My heart is a thrill-seeker.
I'm not -- I do things because I enjoy them, not because I'm not sure I'll survive them. I don't get a thrill from that razor edge of fear and exhilaration. I actively avoid the adrenaline-pumped frenzy of extreme danger and uncertainty, mostly due to my preference to have a sense of safety and/or control while indulging my sense of adventure.
My heart is a willful and stubborn beast, satisfied only with reckless abandon.
I mean, of course, that my endless chase for the endorphin rush of a runner's high is only satisfied when I've kept my heart rate at about 175 bpm for at least two minutes, which transforms me from a laser-focused workout machine to an awkward asthmatic llama, having been chased to the end of its ability by a pack of roid-raging coyotes. The rush of endorphins is worth it, though, even if I have to keep upping my resistance/incline/speed to make it happen.
It's been a rough couple of weeks. I moved out of the toxic environment I was in, and while I know it's a good thing overall, the guilt is real. One of my former roommates has some mental health issues and needs support, but it was becoming a full-time job that started affecting my real job in a big way. I was always stressed and unable to sleep, and was never sure what I was going to be walking into when I got home. For the past month and change, he's been telling me I need to move out and then changing his mind the next day. I was never sure if I needed to be looking for a backup place to live or if he was just working through some things.
My other roommate moves out in November, citing a need for a healthier environment.
That said, when do we make that call?
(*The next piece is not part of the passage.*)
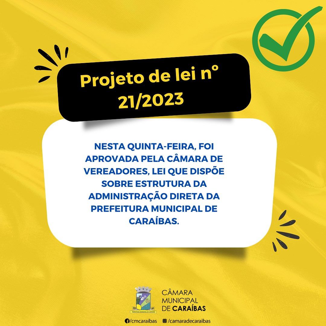 Na última quinta-feira (28), a Câmara Municipal de Caraíbas aprovou a Lei que dispõe sobre estrutura da administração direta da Prefeitura Municipal de Caraíbas, Projeto de Lei nº 21/2023.

In trying to be supportive and work with someone who's a lot more likely to be dismissed and marginalized in life due to mental illness, when do we draw the line to protect our own well-being? My (now former) roommate is in therapy and on medication and by all accounts was doing everything in his power to manage his illness, but the stress was such that I just couldn't take it anymore. In a matter of hours, he'd change his mind about something that, for me, was huge.
I don't have a satisfying answer. My usual fallback is the old "put your own oxygen mask on first" adage that airlines tell you in case of an emergency, but that doesn't settle this guilty weight. I feel like I let down someone who already has the deck stacked against him, even knowing that I could barely breathe for all the stress.